Tuesday 18 December 2018

50 Big Ideas for 2019


A few days ago, LinkedIn posted a piece by Isabelle Roughol on ‘50 Big Ideas for 2019: What to watch in the year ahead’.

Some of them seem fairly obvious (‘Generation Z will outnumber Millennials’; ‘The economy will slow down’; ‘Brexit will continue to consume the European political scene’).

Some of them are related to changing patterns in technology (‘We are finally going to spend more time online than watching TV’; ‘Inclusive design will go mainstream’), many of them to do with AI.

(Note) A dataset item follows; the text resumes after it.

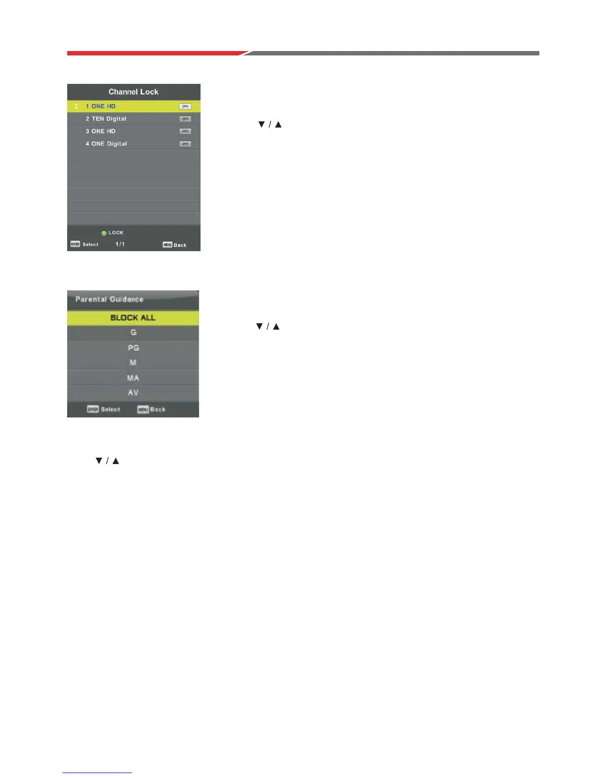 Press button to select Channel Lock,

As might expected with a piece published on LinkedIn, many have to do with the workplace (‘Automation will disproportionately impact women’s jobs’; ‘What will matter at work is your humanity’; ‘Companies will speed up diversifying their workforce – or will be made to’; ‘The office will empty out’; ‘CEOs will work hard to become more inclusive leaders – or leave’; ‘Gig economy jobs will get less miserable’).

Others reflect broader societal and global changes (‘We will reach peak outrage’; ‘Immigration to the West will get harder, and refugee crises will hit poorer nations’; ‘We will ask ourselves hard questions about what free speech means’; ‘Employers will make room for neurodiversity’).

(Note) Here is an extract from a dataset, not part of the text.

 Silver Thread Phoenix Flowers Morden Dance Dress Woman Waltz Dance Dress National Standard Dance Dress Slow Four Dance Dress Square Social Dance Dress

Others are intriguing, but hard for me to judge (‘The battle against extreme poverty will heat up’; ‘A “me first” world will be harder to steer’; “The high street will band together’; ‘For respite, we will turn to inspirational commerce’; ‘Don’t even try to guess the price of oil’; ‘You’ll eat that bug in your salad’).

Others, frankly, I find more difficult to accept much change in 2019 (‘Your next vacation may be to space or undersea’; ‘We will stop living an Insta life’).

I enjoy these types of pieces, even though I’m never quite sure what to make of them. On the one hand, I don’t feel clever enough myself to engage in this sort of futurism; on the other hand, I’ve been round the block enough (read: cynical) to know that, humans being humans, the fundamentals of life will stay pretty much the same. For all that, an interesting read.